UNDO REDO ACROSS APPLICATION SESSIONS

Abstract

Data operations occurring on a data during a first application session from the multiple applications sessions are recorded in memory. The data is stored to a non-transitory computer readable storage medium. The data operations are also stored as metadata on the non-transitory computer readable storage medium. Both the data and the metadata are loaded during a second application session from the multiple application sessions. The data is then manipulated using the metadata.

Description

FIELD OF THE INVENTION

This invention relates generally to processing data, and more particularly to performing undo/redo operations across application sessions.

BACKGROUND OF THE INVENTION

Computer users may interact with an application over a series of sessions. For example, a user may open a word processing application to start a session, interact with a document during the session, and then close the document ending a session. Traditionally, undo/redo operations have been limited to operations a user performs during a given session. Once the session is ended, a user may be unable to undo or redo operations performed during that session.
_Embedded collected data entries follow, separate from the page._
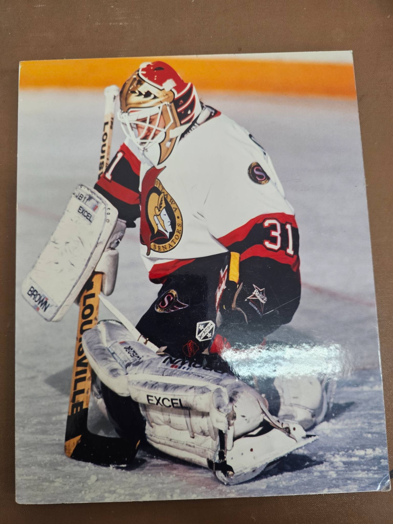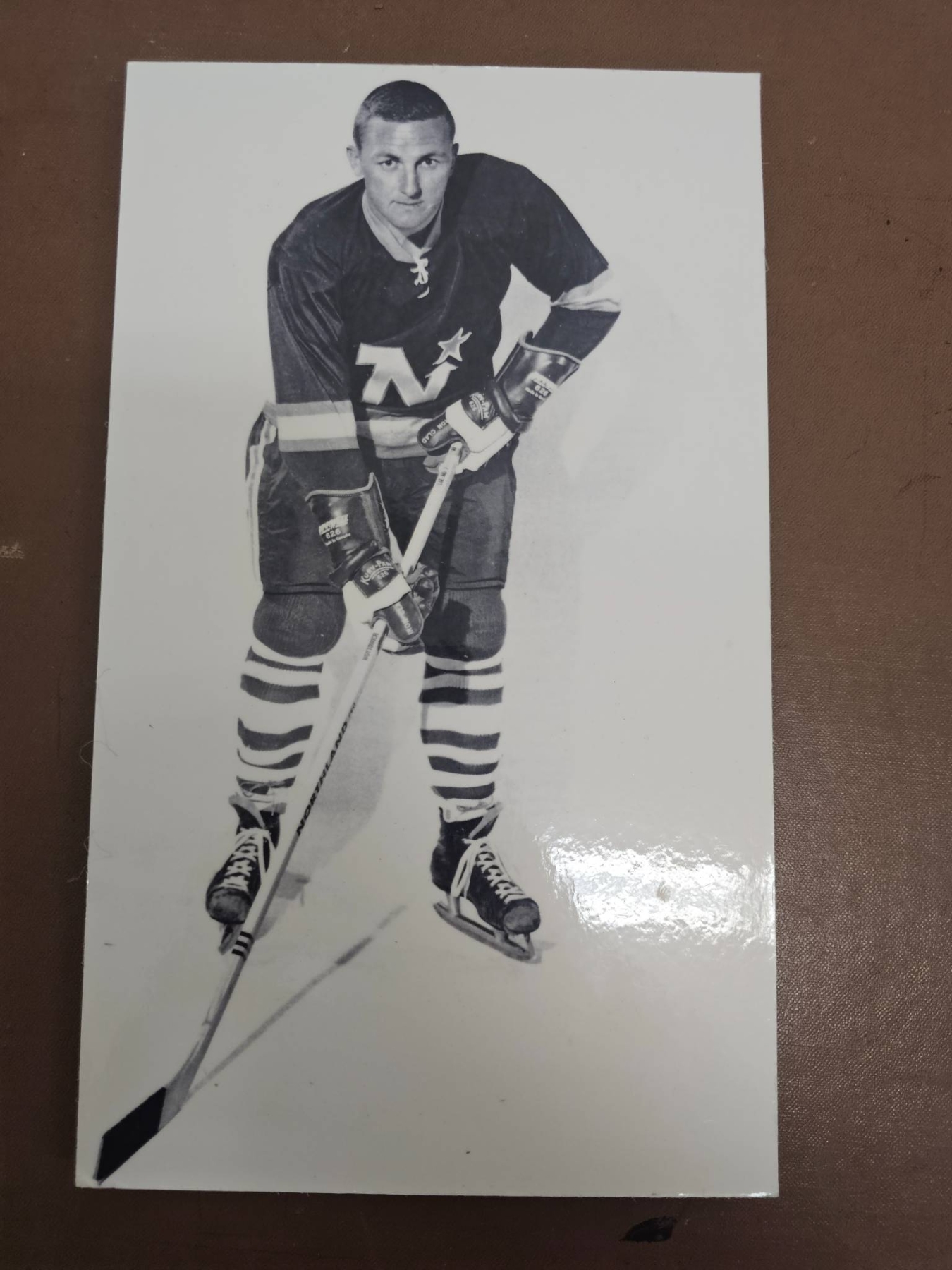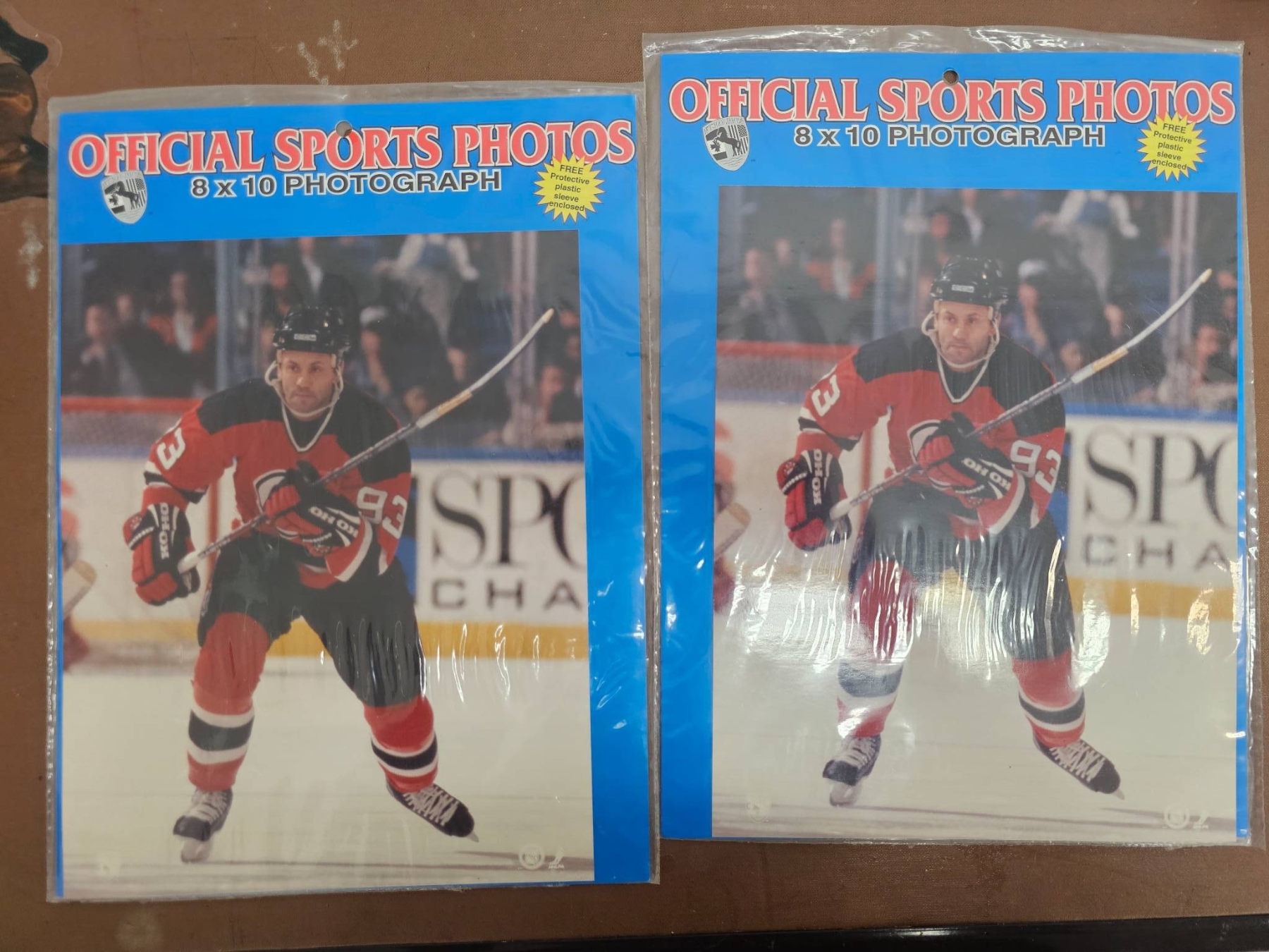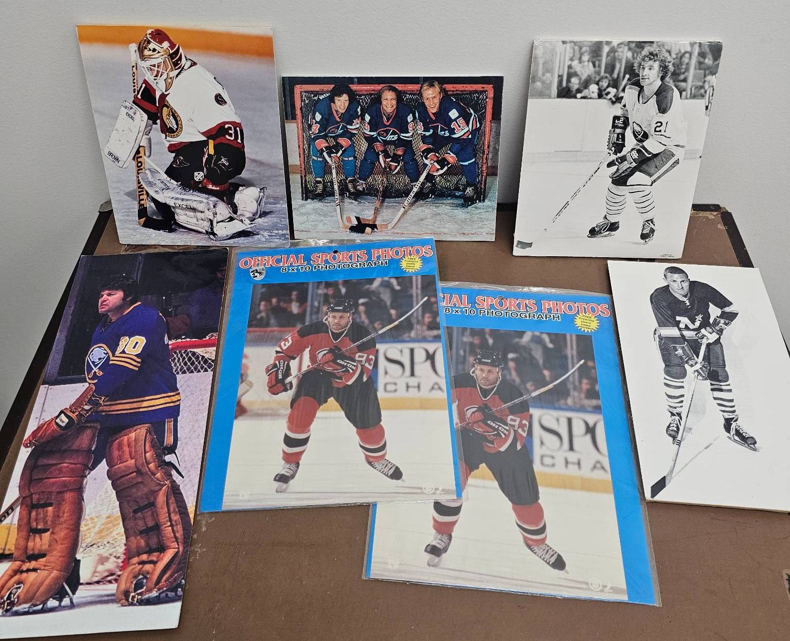 A diverse collection of hockey memorabilia including color and black-and-white photographs of various players and teams. The lot contains classic snapshots, such as goalies in action, individual player portraits, and group team poses. Some photographs include handwritten notes on the back for added context. Ideal for sports enthusiasts or collectors of hockey history.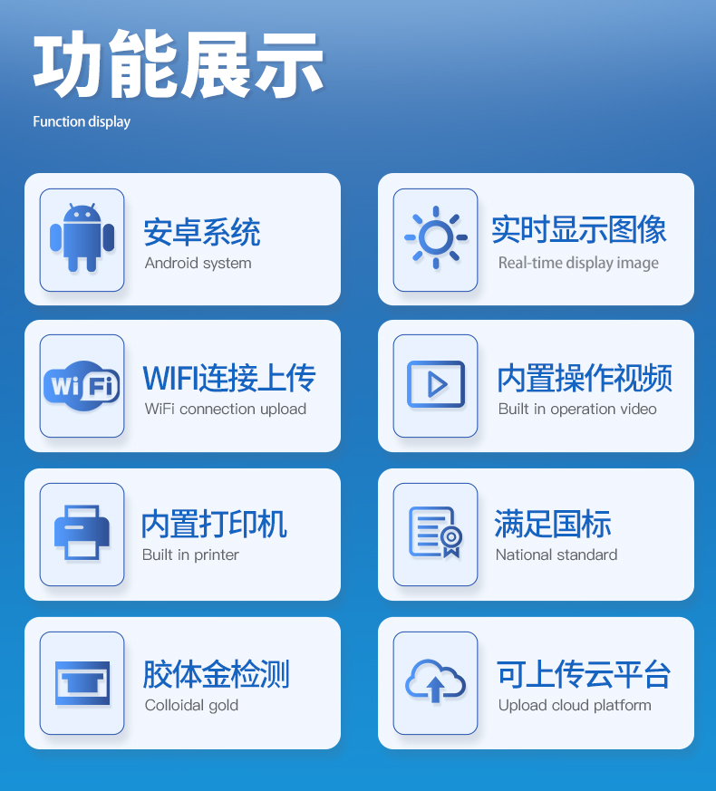 | 儀器采用10.1英寸液晶觸摸屏顯,搭配運(yùn)行安卓智能操作系統(tǒng),主控芯片采用ARM Cortex-A7,RK3288/4核處理器,主頻1.88Ghz,運(yùn)轉(zhuǎn)速度更快速,性能更強(qiáng)。 | 儀器功能包括:膠體金檢測(cè)模塊、數(shù)字化管理模塊、無(wú)線通訊模塊等,可以滿足同一軟件下實(shí)現(xiàn)所有檢測(cè)項(xiàng)目的檢測(cè),并在同一窗口展示檢測(cè)結(jié)果。 | 一體化便攜式快檢設(shè)備,采用交直流兩用供電方式,可連接車(chē)載電源,配備6ah大容量充電鋰電池,可以滿足現(xiàn)場(chǎng)及流動(dòng)檢測(cè)使用的需求。儀器尺寸:43×35×20cm, 主機(jī)凈重:5.1kg | 系統(tǒng)自帶數(shù)據(jù)集成模塊,設(shè)備首頁(yè)自動(dòng)統(tǒng)計(jì)檢測(cè)數(shù)據(jù)包含:周檢測(cè)數(shù)據(jù)、月檢測(cè)數(shù)據(jù),全部檢測(cè)總數(shù)量,均包含檢測(cè)總數(shù),合格數(shù),不合格數(shù),以及相關(guān)柱形分析圖,對(duì)各項(xiàng)檢測(cè)數(shù)據(jù)清晰掌握,無(wú)需電腦查詢,更加快捷直觀。 | 儀器具有任務(wù)預(yù)設(shè)模塊,可在樣品送檢前提前預(yù)設(shè)樣品名稱、檢測(cè)指標(biāo)、送檢單位等信息,樣品送檢時(shí)一鍵調(diào)取保存信息,檢測(cè)更加方便快捷。 | 膠體金檢測(cè)模塊:軌道式自動(dòng)傳輸掃描方式,可實(shí)時(shí)顯示金標(biāo)卡實(shí)時(shí)圖像,系統(tǒng)自動(dòng)分析并呈現(xiàn)出CT曲線圖,CT線自動(dòng)識(shí)別,無(wú)需手動(dòng)調(diào)整,完成檢測(cè)后自動(dòng)退出檢測(cè)卡。 結(jié)果判定線可修改,對(duì)照值標(biāo)定值可保存,斷電不丟失數(shù)據(jù)。 兼容市場(chǎng)上其他膠體金卡,使用耗材不受限制,極大增強(qiáng)用戶使用體驗(yàn)。 | 儀器檢測(cè)系統(tǒng)擁有龐大數(shù)據(jù)庫(kù),并且構(gòu)建了完善的檢索、修訂功能。食品庫(kù)涵蓋多種樣品名稱,可按需添加或刪除、編輯樣品名稱;產(chǎn)品數(shù)據(jù)庫(kù)以及歷史檢測(cè)記錄支持一鍵檢索功能。 | 系統(tǒng)打印自定義化,打印格式多樣化,產(chǎn)品合格證(國(guó)家標(biāo)準(zhǔn)要求),二維碼,抽樣信息、檢測(cè)信息,受檢信息、復(fù)核信息、抽樣日期、檢測(cè)日期等信息結(jié)果,可按需求自行設(shè)置打印內(nèi)容。 | A4紙版本報(bào)告打印功能(可選配):設(shè)備擁有兩種結(jié)果展示方式,可以自動(dòng)生成A4打印模板和小票打印模板兩種樣式,可通過(guò)WiFi及網(wǎng)線等方式鏈接外置打印機(jī)可進(jìn)行打印 | 儀器具有 wifi 聯(lián)網(wǎng)上傳、RJ45網(wǎng)線連接功能,可以快速上傳數(shù)據(jù)。同步對(duì)接監(jiān)管平臺(tái),數(shù)據(jù)可局域網(wǎng)和互聯(lián)網(wǎng)數(shù)據(jù)上傳,檢測(cè)結(jié)果直接傳至食品安全監(jiān)管平臺(tái)。進(jìn)行區(qū)域食品安全監(jiān)管及大數(shù)據(jù)分析處理與數(shù)據(jù)統(tǒng)計(jì),檢測(cè)區(qū)域食品安全長(zhǎng)短期動(dòng)態(tài),達(dá)到食品安全問(wèn)題預(yù)估、預(yù)警。 | 設(shè)備支持U盤(pán)存儲(chǔ),標(biāo)準(zhǔn)USB接口,免驅(qū)動(dòng)安裝。檢測(cè)結(jié)果存儲(chǔ)容量20萬(wàn)條以上,可生成Excel表格,進(jìn)行一鍵拷貝,并具有登錄保護(hù)功能,可設(shè)置用戶名及密碼,規(guī)范不同人員操作權(quán)限,防止非工作人員操作,并且可以進(jìn)行重新校準(zhǔn)、鎖定、恢復(fù)出廠設(shè)置功能。儀器固件可升級(jí),后期檢測(cè)項(xiàng)目可擴(kuò)充。 | 儀器具備遠(yuǎn)程升級(jí)功能,可定向分客戶分儀器更新,開(kāi)機(jī)后自動(dòng)更新,并可持續(xù)性免費(fèi)更新系統(tǒng)版本,無(wú)需像傳統(tǒng)產(chǎn)品返廠更新,節(jié)省時(shí)間及人力成本并避免了物流運(yùn)輸返廠升級(jí)導(dǎo)致設(shè)備損壞的潛在風(fēng)險(xiǎn)。 |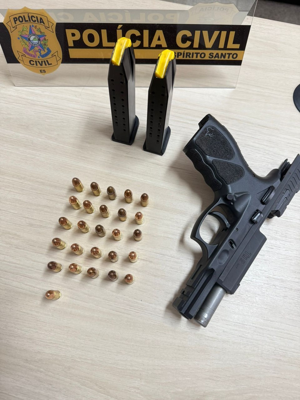 As diligências foram realizadas na residência de um suspeito de 52 anos, que não se encontrava no imóvel no momento da ação. Durante as buscas, os policiais civis localizaram e apreenderam uma arma de fogo da marca Taurus, calibre 9mm, com dois carregadores e 26 munições intactas.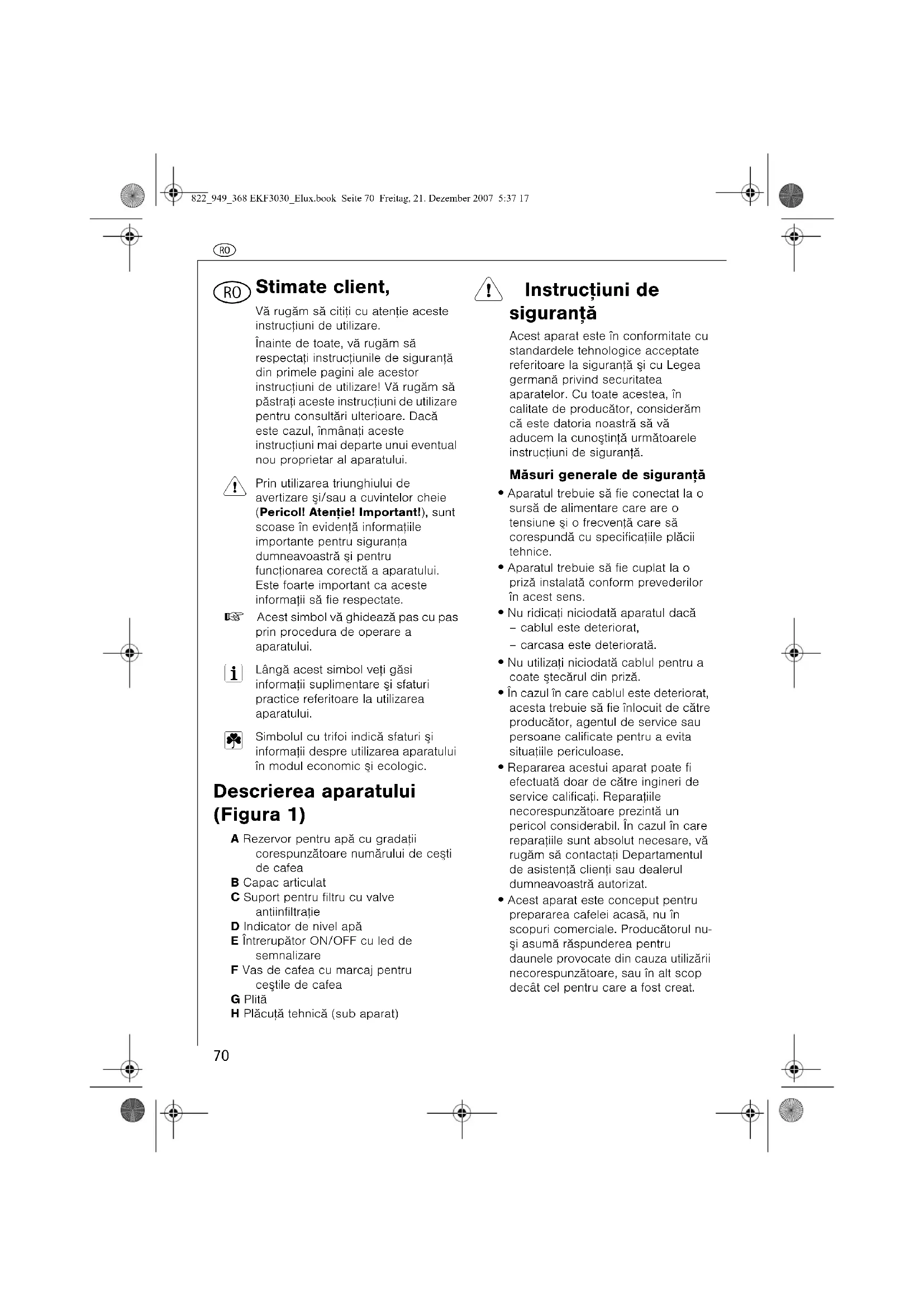 Stimate client, Vã rugãm sã citiþi cu atenþie aceste instrucþiuni de utilizare.Înainte de toate, vã rugãm sã respectaþi instrucþiunile de siguranþã din primele pagini ale acestor instrucþiuni de utilizare! Vã rugãm sã pãstraþi aceste instrucþiuni de utilizare pentru consultãri ulterioare. Dacã este cazul, înmânaþi aceste instrucþiuni mai departe unui eventual nou proprietar al aparatului. Prin utilizarea triunghiului de avertizare ºi/sau a cuvintelor cheie (Pericol! Atenþie! Important!), sunt scoase în evidenþã informaþiile importante pentru siguranþa dumneavoastrã ºi pentru funcþionarea corectã a aparatului. Este foarte important ca aceste informaþii sã fie respectate.0 Acest simbol vã ghideazã pas cu pas prin procedura de operare a aparatului. Lângã acest simbol veþi gãsi informaþii suplimentare ºi sfaturi practice referitoare la utilizarea aparatului. Simbolul cu trifoi indicã sfaturi ºi informaþii despre utilizarea aparatului în modul economic ºi ecologic. Descrierea aparatului (Figura 1) A Rezervor pentru apã cu gradaþii corespunzãtoare numãrului de ceºti de cafeaB Capac articulatC Suport pentru filtru cu valve antiinfiltraþieD Indicator de nivel apãE Întrerupãtor ON/OFF cu led de semnalizareF Vas de cafea cu marcaj pentru ceºtile de cafeaG PlitãH Plãcuþã tehnicã (sub aparat) 1 Instrucþiuni de siguranþã Acest aparat este în conformitate cu standardele tehnologice acceptate referitoare la siguranþã ºi cu Legea germanã privind securitatea aparatelor. Cu toate acestea, în calitate de producãtor, considerãm cã este datoria noastrã sã vã aducem la cunoºtinþã urmãtoarele instrucþiuni de siguranþã.Mãsuri generale de siguranþã• Aparatul trebuie sã fie conectat la o sursã de alimentare care are o tensiune ºi o frecvenþã care sã corespundã cu specificaþiile plãcii tehnice.• Aparatul trebuie sã fie cuplat la o prizã instalatã conform prevederilor în acest sens.• Nu ridicaþi niciodatã aparatul dacã– cablul este deteriorat,– carcasa este deterioratã.• Nu utilizaþi niciodatã cablul pentru a coate ºtecãrul din prizã.• În cazul în care cablul este deteriorat, acesta trebuie sã fie înlocuit de cãtre producãtor, agentul de service sau persoane calificate pentru a evita situaþiile periculoase.• Repararea acestui aparat poate fi efectuatã doar de cãtre ingineri de service calificaþi. Reparaþiile necorespunzãtoare prezintã un pericol considerabil. În cazul în care reparaþiile sunt absolut necesare, vã rugãm sã contactaþi Departamentul de asistenþã clienþi sau dealerul dumneavoastrã autorizat.• Acest aparat este conceput pentru prepararea cafelei acasã, nu în scopuri comerciale. Producãtorul nu-ºi asumã rãspunderea pentru daunele provocate din cauza utilizãrii necorespunzãtoare, sau în alt scop decât cel pentru care a fost creat.822_949_368 EKF3030_Elux.book Seite 70 Freitag, 21. Dezember 2007 5:37 17z

This may limit the utility of the undo/redo operations.

There is a need, therefore, for an improved method, article of manufacture, and apparatus for performing undo/redo operations across application sessions.

BRIEF DESCRIPTION OF THE DRAWINGS

The present invention will be readily understood by the following detailed description in conjunction with the accompanying drawings, wherein like reference numerals designate like structural elements, and in which:

FIG. 1 is a diagram of a life cycle of a dataset in accordance with some embodiments.

FIG. 2 depicts a process for undo/redo across application sessions in accordance with some embodiments.

FIG. 3 is a general purpose computer consistent with some embodiments.

DETAILED DESCRIPTION

A detailed description of one or more embodiments of the invention is provided below along with accompanying figures that illustrate the principles of the invention. While the invention is described in conjunction with such embodiment(s), it should be understood that the invention is not limited to any one embodiment. On the contrary, the scope of the invention is limited only by the claims and the invention encompasses numerous alternatives, modifications, and equivalents. For the purpose of example, numerous specific details are set forth in the following description in order to provide a thorough understanding of the present invention. These details are provided for the purpose of example, and the present invention may be practiced according to the claims without some or all of these specific details. For the purpose of clarity, technical material that is known in the technical fields related to the invention has not been described in detail so that the present invention is not unnecessarily obscured.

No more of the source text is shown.